• WHAT THE TASK ASKS
Find every line below with the string "Through" and pick it out.

═══ ENTRIES PROVIDED

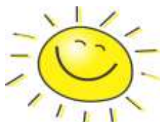
Trabzon Sunny 20 °C
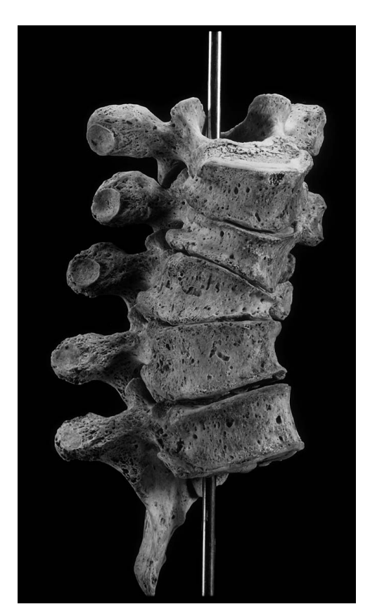
Figure 1. Abnormal curvature between the T2 and T6 vertebrae visible in an anterolateral view.

In the skull, the occipital condyles and the superior articular facets of the atlas have sharp edges. The articularis eminence near to the glenoid fossa shows a flat surface, with associated microporosity. However, no corresponding changes were seen in the mandibular condyles. At the external occipital protuberance, an asymmetrical superior curved line running downward from the left side is observed.
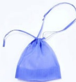
See Through Shoulder Bag Purple MM-SukerUS-ir Retail $ 59.00
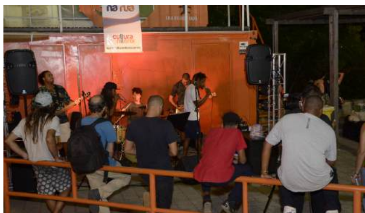
Workshop of Programme Arte na Rua (Art on the Street).

Through the Decree 12903/2018, the Niterói City Government instituted the installation and the use of temporary extensions of public sidewalks by the parklets 18 , with the objective of increasing the pedestrian flow, improving the safety of the sidewalks
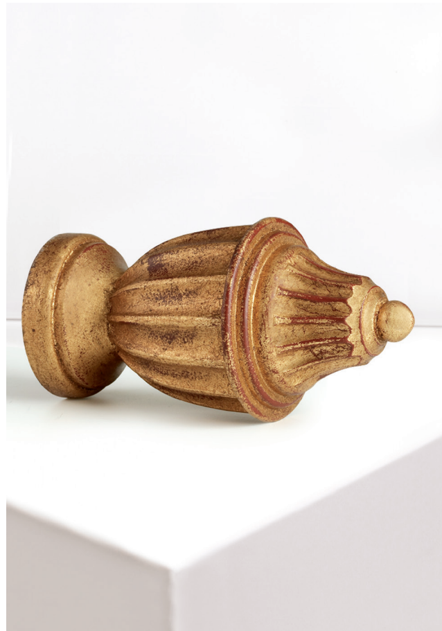
SLEEK URN Ornate Shown. Available in: 1 3/8", 2".
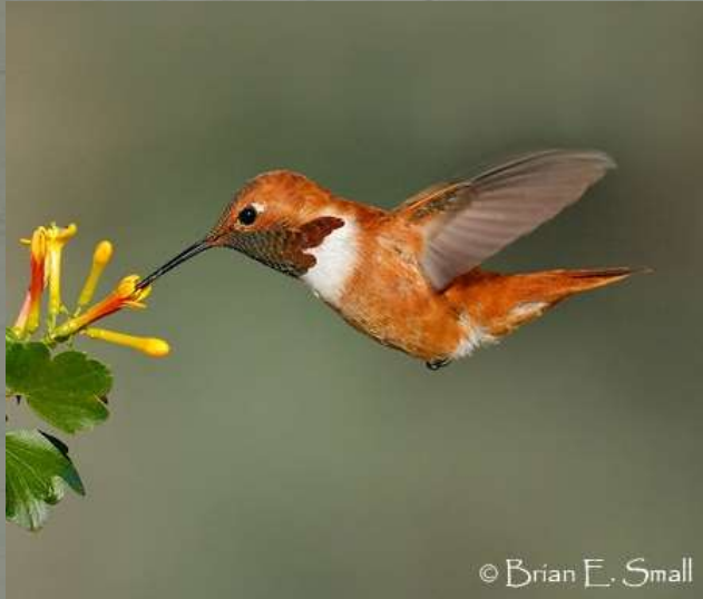
Adult male - 3.75"
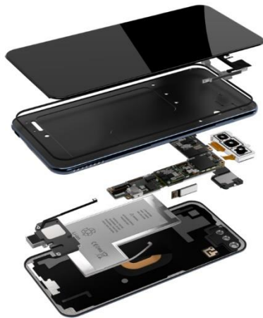
Henkel will specifically highlight pad printing and antenna technologies, for example for housings of smartphones.
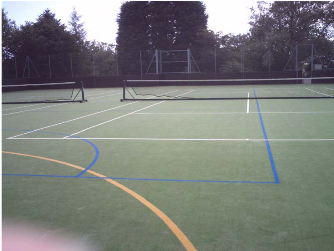
Figure 17. Multi-use games area in good condition, built recently, covering land that used to be old tennis courts.
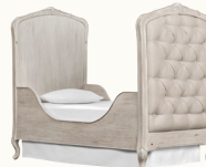
Colette Tufted Crib as Toddler Bed
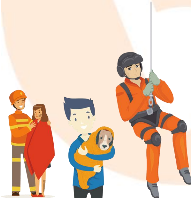
Image: Rescuing people

══════

• RESPONSE FOR THIS EXERCISE
See Through Shoulder Bag Purple MM-SukerUS-ir Retail $ 59.00
Through the Decree 12903/2018, the Niterói City Government instituted the installation and the use of temporary extensions of public sidewalks by the parklets 18 , with the objective of increasing the pedestrian flow, improving the safety of the sidewalks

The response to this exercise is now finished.